The natural history and epidemiological aspects of traumatic vertebral artery dissection (VAD) are not fully understood. We determined the prevalence of VAD and impact on outcome of patients with head and neck trauma.

Methods

All the patients who were admitted with traumatic brain injury or head and neck trauma were identified by ICD-9-CM codes from the National Trauma Data Bank (NTDB), using data files from 2009 to 2010. NTDB represents one of the largest trauma databases and contains data from over 900 trauma centers across the United States. Presence of VAD was identified in these patients by using ICD-9-CM codes. Admission Glasgow Coma Scale (GCS) score, injury severity score (ISS), in-hospital complications, and treatment outcome were compared between patients with and without VAD.

Results

A total of 84 VAD patients were identified which comprised 0.01 % of all patients admitted with head and neck trauma. The mean age (in years) for patients with VAD was significantly higher than patients without dissection [46 (95 % CI 41–50) vs. 41.3 (95 % CI 41.2–41.4); p = 0.003]. The proportion of patients presenting with GCS score <9 was significantly higher in patients with VAD (31 vs. 12 %, p < 0.0001). The rate of cervical vertebral fracture was significantly higher in patients with VAD (71 vs. 11 %, p < 0.0001). Patients with VAD had higher rates of in-hospital stroke than patients without dissection (5 vs. 0.2 %, p < 0.0001). Numbers of ICU days, ventilator days, and hospital length of stays were all significantly higher in patients with VAD. These differences remained significant after adjusting for the demographics, admission GCS score, and ISS (p < 0.0001). A total of 7 % (N = 6) of the patients with VAD received endovascular treatment and there was no in-hospital stroke in these patients. Patients with VAD had a higher chance of discharge to nursing facilities in comparison to head trauma patients without VAD (OR: 2.1; 95 % CI 1.4–3.5; p < 0.0001).

Conclusion

Although infrequent, VAD in head and neck trauma is associated with higher rates of in-hospital stroke and longer length of ICU stay and total hospital stay. Early diagnosis and endovascular treatment may be an alternative option to reduce the rate of in-hospital stroke in these patients.

Introduction

Despite the advancements in the care of patients with head and neck trauma [1], the criteria for screening of blunt cervical arterial injury and associated clinical events are understudied [2]. Paucity of data is particularly prominent in regards to vertebral artery dissection (VAD) which occurs due to rapid acceleration–deceleration injury causing rotation and hyperextension of the neck within the scope of trauma [3]. Our understanding of the rate of cerebral ischemic events and need for endovascular or surgical treatment in these patients is based on anecdotal data. Data derived from multiple institutions is required to provide higher precision of estimates regarding clinical events, treatments, and outcomes and to ensure generalizability of findings [4, 5].

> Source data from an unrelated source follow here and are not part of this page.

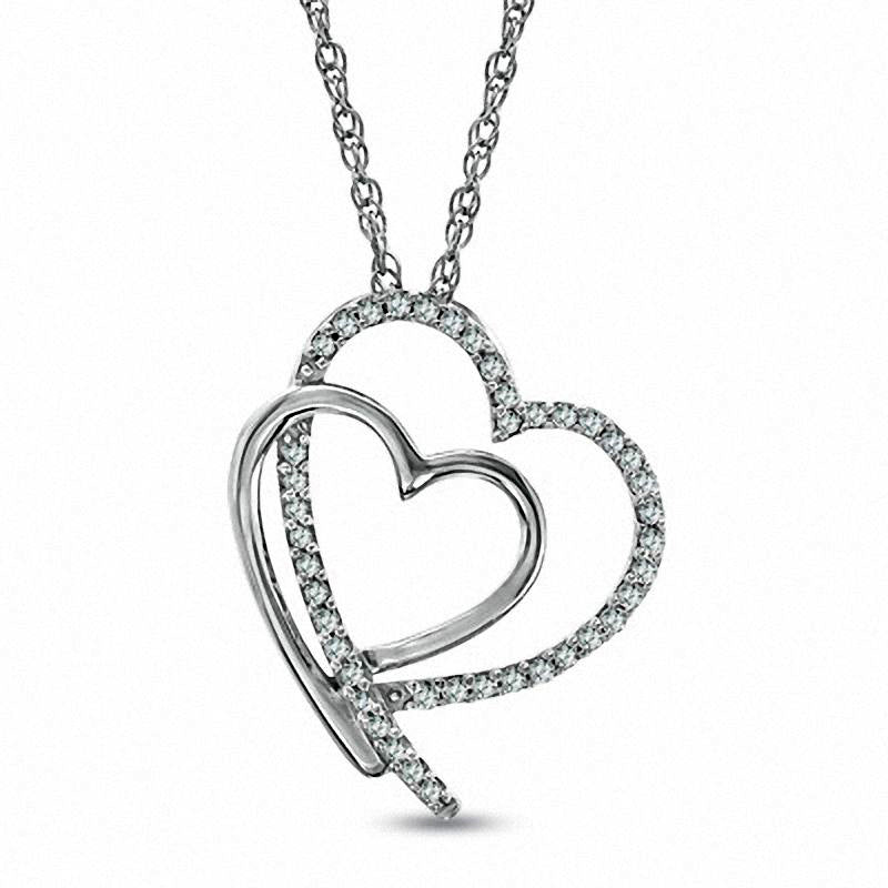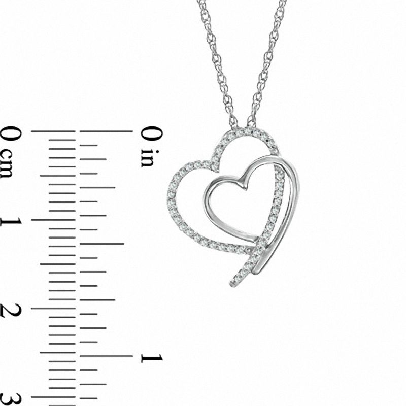 0.13 CT. T.W. Natural Diamond Shadowed Tilted Heart Pendant in Sterling Silver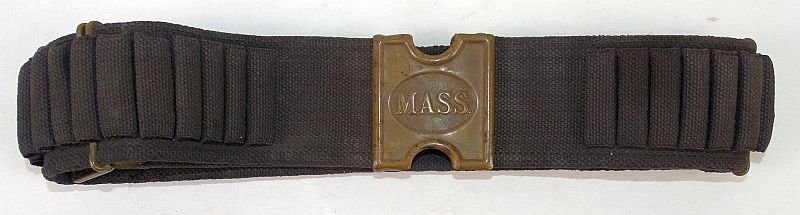 The cartridge belt is dark blue fabric with a brass Massachusetts belt plate that shows dark patina. Both the belt plate and the belt brass end are manufacturer marked. The belt retains the brass wire bayonet suspension device which is retained by placement over the top edge of the belt, this example being without grommets for securing the bayonet suspension piece. Very good condition.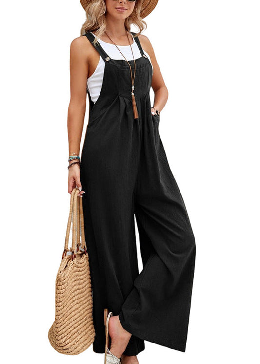 Ceylan Women’s Wide Leg Jumpsuit with Button Straps and Pockets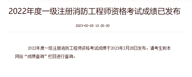 【摘要】2022年一级消防工程师考试成绩已发布
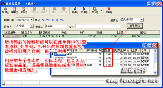 當(dāng)你選擇需要拆卸的貨品,做完拆卸貨品單后,所拆卸后的原料明細(xì)可以在此單據(jù)中的[查看原料]處看到,拆分出的原料數(shù)量多少、被拆分到哪個倉庫,都一一列明。相應(yīng)的各個倉庫中,實(shí)際庫存,也會因?yàn)椴鹦敦浧穯危善坟浧窋?shù)相應(yīng)減少,原料數(shù)量會相應(yīng)增加。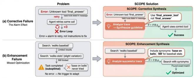 针对不同场景,SCOPE 使用两种合成模式:纠正型合成从错误中提取教训,增强型合成从成功模式中挖掘优化机会。实验表明,增强型规则占所有合成规则的 61%,说明 SCOPE 不仅仅是 “错误修复器”,更是一个主动的优化器。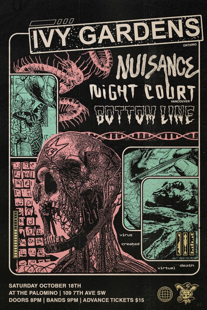 Ivy Gardens (Niagara, Ontario), Nuisance, Night Court (Vancouver), Bottom Line Where: Palomino Smokehouse and Social Club 109 7 Avenue S.W Calgary http://thepalomino.ca/ 18+ with government issued identification When: Saturday October 18, 2025 Doors: 8:00pm / Action 8:30pm Admission: $15.00 advance at www.showpass.com NO JERK POLICY ALWAYS IN EFFECT!! Ivy Gardens (Niagara, Ontario) Post-Metal, Sludge Punk […]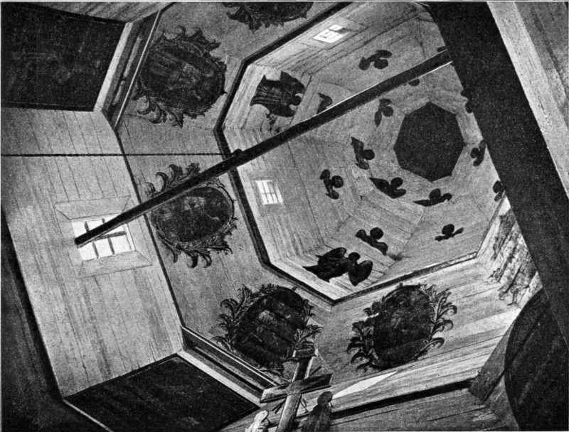 Баня, вигляд з середини п’ятибанної церкви, с. Лїсовичі, пов. Тараща в Київщині Джерело: Українське мистецтво. І. Деревляне будівництво і різьба на дереві / В.Щербаківський. – Льв.: 1913 р., № 20.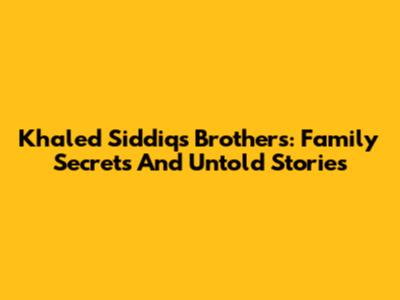 Khaled Siddiq's Brothers: Family Secrets And Untold Stories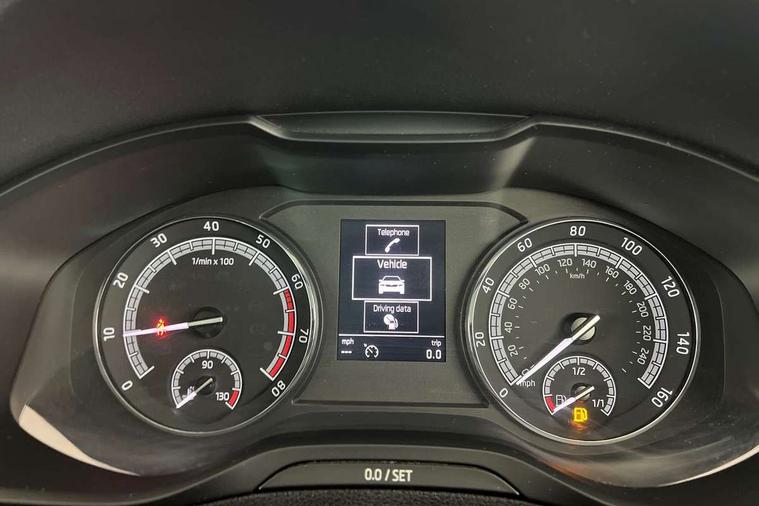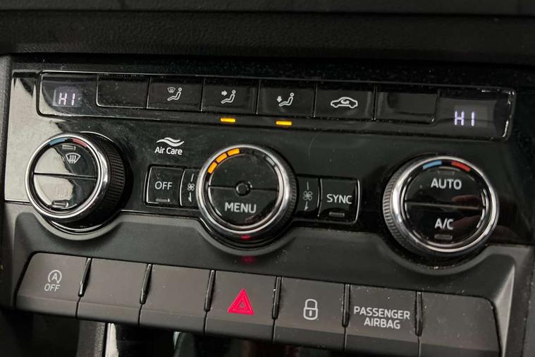 Driver alert system, Driver fatigue sensor, Driver profile selection, Electro-mechanical PAS, Outside temperature gauge, Service interval indicator, Start/stop system with regenerative braking, DAB radio with Bluetooth, SD card slot, USB connection, Acoustic glass, Aero front windscreen wipers with intermittent function, Automatic headlight control system, Body colour door mirrors and handles, Body coloured bumpers, Electrically adjustable heated folding and auto dimming door mirrors with boarding spots, Heated rear windscreen, LED rear lights with high functionality, Light assistant (coming/leaving home/tunnel light), Privacy glass, Safety reflectors on front doors, Third brake light, 1.5 litre bottle holders in driver and front passenger door panels, 12V socket in boot, 12v socket in front centre armrest with storage compartment and rear air vents, 2 Folding hooks and nets in boot, 2 Front readings lights for driver and passenger, 3 rear height adjustable headrests, 4 foldable roof handles with rear coat hooks, 4 lashing points on luggage floor, Backrest release, Cargo elements in boot, Chrome inner door handles, Driver and passenger seats height adjust, Dual zone climate control, Folding tables on the front seat backrests, Front seat and rear pockets, Height adjustable front three point seats belts with tensioners, Height/reach adjust steering wheel, Ice scraper, Illuminated and cooled glovebox, Illuminated luggage compartment, Isofix child seat preparation outer rear, Manual lumbar support for front seats, Net programme in boot, Pen holder, Pollen filter, Rear boot cover, Rear reading lights, Rear seats fixed folding and divided 60:40, Removable LED torch in the boot, Safety vest holder, Storage box in upper central dashboard closed, Storage net on centre console passenger side, Sunglasses storage compartment, Sunvisors with illuminated vanity mirrors, Umbrella under passenger seat, Airbags - Front side, head, knee and curtain, Automatic door unlocking in case of crash, Automatic fuel cut off in case of crash, Driver airbag, Electronic parking brake with auto hold function, Emergency rear braking signal, ESC including ABS, MSR, ASR, EDS, HBA, DSR, RBS, MKB and traction control, Front assist radar scanning of the space in front of the car with automatic braking, Hill hold control, Passenger airbag with switch-off function, Pedestrian monitor, Seatbelt reminder signalisation and pretensioner for all seats, Three point seatbelts rear, Two tone horn, Tyre pressure display, Tyre pressure monitor, Alarm with interior monitoring, back up horn and tilt sensor with safe function, Electronic engine immobiliser, Remote central locking with 2 remote folding keys, Chrome framed air vents, Storage on wheel cover,
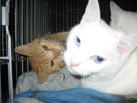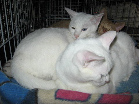 マリ♀アキ♀姉妹は、2013年4月生まれ。去年12月に、びっこ引いてたレオ♂を保護して。。。レオ♂は2013年10月生まれ。同じ母猫から生まれてるから、月は違うけど、同い年の姉弟だよね。でも、姉弟とは思ってないだろうなぁ~。レオ♂が生まれる前から、マリ♀アキ♀姉妹は、もう保護して家の中にいたから~。アキ♀ロンボーの下でマリ♀ロンボーの上でケージの中で、左はアキ♀右にマリ♀レオ♂母ちゃんに甘えてる~。ケージの下でレオ♂今日11日は鏡開き~ぜんざい作りました~。ヾ(@⌒¬⌒@)ノ ウマカッタ。お知らせ~1月中には、今年初~~のにゃんこクイズをやりたいなぁ~なんて思ってます。我が家の25にゃんこの紹介は2016年01月05日の日記←25匹の猫達の画像と短い紹介を書いてます。 左上の方にある『ホーム』をクリックして入ると、毎年のにゃんこの紹介も見れますョ。11日は~~最低気温0.2℃最高気温11.3℃朝から晴れたり曇ったり。寒い朝が続いてます。やっぱり寒い冬は、嫌いだなぁ~様子見(=^-^=)達は、ふく♀ホワイト♂ボク♂純♂あい♀の5にゃん猫毎日の飲み薬(=^-^=)達は、ふく♀あい♀剛♂ハル♀の4にゃん猫ふく♀あい♀の薬は、缶詰に混ぜてます。剛♂ハル♀はシリンジで飲ませてます。まだまだ手がかかってます。申し訳ないですが、暫くは、コメントへのお返事は無理みたいです。
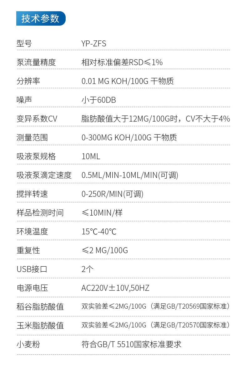 全自動(dòng)脂肪酸值測(cè)定儀是針對(duì)脂肪酸值作為判斷儲(chǔ)糧品質(zhì)劣變的重要儀器設(shè)備,是一種以電極電位突躍作為指示終點(diǎn)為控制依據(jù)的自動(dòng)滴定裝置。主要用于測(cè)定稻谷、糙米、大米等糧食作物的脂肪酸值,是一種專用檢測(cè)設(shè)備。本儀器實(shí)現(xiàn)了滴定終點(diǎn)判定、計(jì)量、數(shù)據(jù)處理、測(cè)定結(jié)果顯示及打印功能自動(dòng)化,提高了檢測(cè)結(jié)果的客觀性及準(zhǔn)確性,具有操作簡(jiǎn)單、使用方便的特點(diǎn)。

In this study, we determined the prevalence of traumatic VAD and associated hospital events, treatments, and outcomes in patients with head and neck trauma and traumatic brain injury, using a nationally representative database.

Methods

Study Population

Patients entered in National Trauma Data Bank (NTDB) between January 1st, 2009 and December 31st, 2010 were analyzed. NTBD is the largest and the most complete trauma database compiled by American College of Surgeons in the United States. This database contains uniformly collected clinical, demographic, and external cause and outcome information on over three million cases from over 900 registered U.S. trauma centers [6].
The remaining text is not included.